- _Problem to work on_
Below are the records; give again exactly the line with "Menino palestino ferido", the line with "best quality, masterpiece, high", and each line that lies between them, and nothing besides.

- _Entries supplied_

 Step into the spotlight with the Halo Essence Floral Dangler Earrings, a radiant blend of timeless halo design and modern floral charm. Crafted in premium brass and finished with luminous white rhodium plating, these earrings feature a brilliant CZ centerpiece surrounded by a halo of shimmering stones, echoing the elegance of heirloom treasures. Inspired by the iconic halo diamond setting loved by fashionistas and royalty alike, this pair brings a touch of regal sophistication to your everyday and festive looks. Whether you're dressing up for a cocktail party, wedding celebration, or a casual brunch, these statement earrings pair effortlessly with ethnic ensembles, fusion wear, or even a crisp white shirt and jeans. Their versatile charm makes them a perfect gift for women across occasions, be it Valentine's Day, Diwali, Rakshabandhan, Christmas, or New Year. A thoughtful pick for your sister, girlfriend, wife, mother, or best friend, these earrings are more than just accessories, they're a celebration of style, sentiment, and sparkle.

* * *

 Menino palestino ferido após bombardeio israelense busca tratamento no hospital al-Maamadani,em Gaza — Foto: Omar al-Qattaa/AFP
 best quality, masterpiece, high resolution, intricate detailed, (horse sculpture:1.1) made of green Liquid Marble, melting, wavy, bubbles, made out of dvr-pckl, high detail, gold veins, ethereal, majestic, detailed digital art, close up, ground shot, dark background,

- _Completed exercise_
 Menino palestino ferido após bombardeio israelense busca tratamento no hospital al-Maamadani,em Gaza — Foto: Omar al-Qattaa/AFP
 best quality, masterpiece, high resolution, intricate detailed, (horse sculpture:1.1) made of green Liquid Marble, melting, wavy, bubbles, made out of dvr-pckl, high detail, gold veins, ethereal, majestic, detailed digital art, close up, ground shot, dark background,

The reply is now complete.